ABOUT THE ROLE
We're looking for a Staff or Senior Research Scientist to collaborate with partners and lead the development of the next frontier benchmarks and datasets. This is a highly visible, customer-facing role at the intersection of research, company strategy, and go-to-market. You'll design datasets taking into account frontier model performance and work with our academic partners, and then partner with delivery, product and go-to-market to scale out production. You will also serve as a credible technical partner for our customers, prospects, and drive results that impact the broader research community.
This role reports directly to the Head of Research and is ideal for someone who is energized by cross-functional work and wants to understand how startups operate across research, data operations, and commercial teams.
MAIN RESPONSIBILITIES
- Design state of the art datasets that drive frontier model training and evaluation based on current model performance and academic partnerships
- Translate benchmark insights into clear, compelling narratives that articulate the ROI of expert-curated data for customer-facing presentations, technical reports, and go-to-market materials.

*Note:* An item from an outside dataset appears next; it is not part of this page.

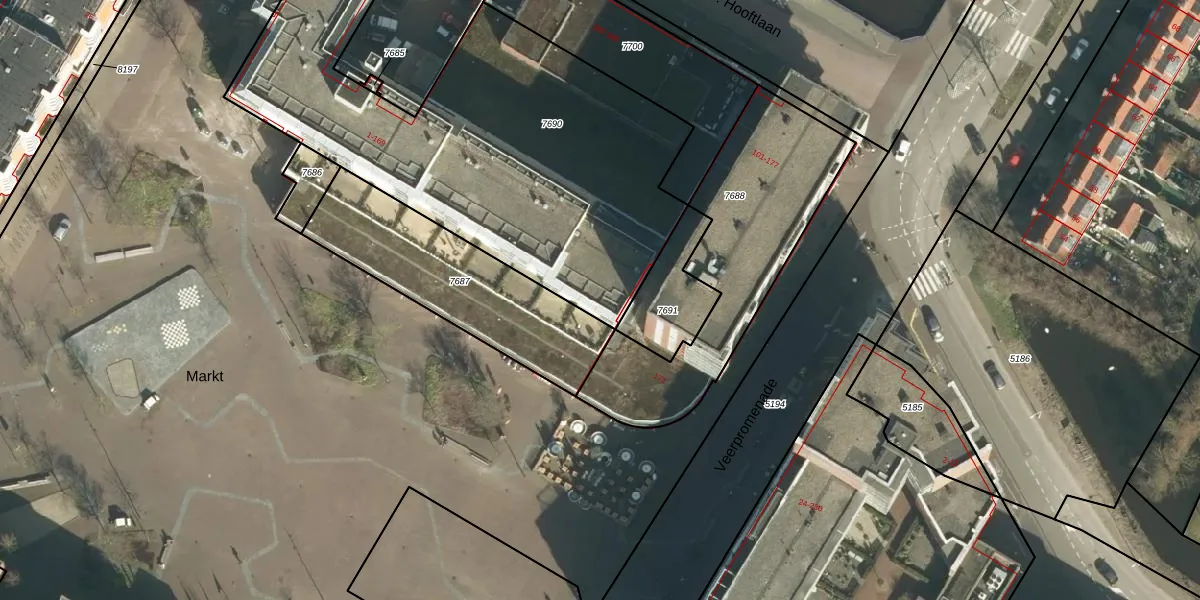 Het perceel waarop Markt 51 staat heeft een oppervlakte van 2265 m². Dit is een zeer groot perceel. De perceeloppervlakte wordt geregistreerd door het Kadaster. Gedetailleerde informatie over de maten van dit perceel kunt u vinden in het rapport Kadastrale kaart met maatvoering van Markt 51.
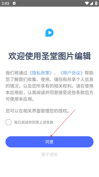 1、在软件启动时,勾选“我已阅读并同意上述条款”后点击【同意】,进入首页。

- Work cross-functionally with data operations, product, engineering, and strategy to surface research findings that inform the company roadmap.

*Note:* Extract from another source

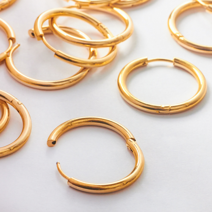 Kolczyki ze stali chirurgicznej koła w kolorze złotym 25mmTo estetyczny element biżuteryjny ze stali szlachetnej, chętnie wybierany do nowoczesnych projektów. W biżuterii handmade stal szlachetna jest ceniona za dobry wygląd, odporność na korozję i wygodę codziennego użytkowania.Element do kolczyków wykonany ze stali szlachetnej to praktyczna baza do tworzenia wygodnej i trwałej biżuterii. Dzięki prostej formie można go wykorzystać zarówno w minimalistycznych projektach, jak i w bardziej ozdobnych kompozycjach z kamieniami, perłami lub zawieszkami.Rozmiar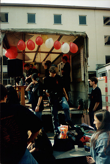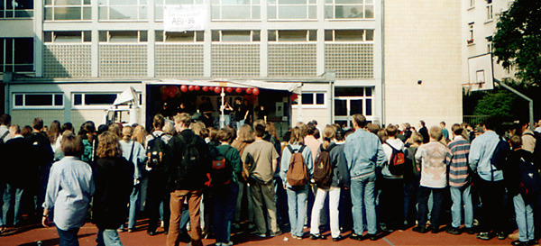 Im Hintergrund der “Toröffner”: Die (eingeweihte) Feuerwehr wurde dem Abi-Truck vorausgeschickt, damit der als äußerst misstrauisch bekannte Hausmeister das Tor zum Schulhof auf jeden Fall öffnen musste.

- Stay at the frontier of LLM evaluation research and bring best practices into Snorkel's workflows
- Represent Snorkel's research externally through publications, blog posts, conference talks, and customer engagements that advance the conversation around data-centric AI
PREFERRED QUALIFICATIONS
- Strong research background in AI/ML evaluation, NLP, or related fields, with a track record of rigorous experimental design — especially around measuring the impact of training and evaluation data on model behavior.
- Exceptional communication skills — able to present complex technical findings clearly to both technical and non-technical audiences
- Comfort operating in a fast-moving, cross-functional environment with ambiguous problem spaces
- Genuine interest in GTM strategy, startup dynamics, and the commercial side of AI data services.
- Ph.D. in machine learning, NLP, or a related field preferred; equivalent industry or research lab experience considered.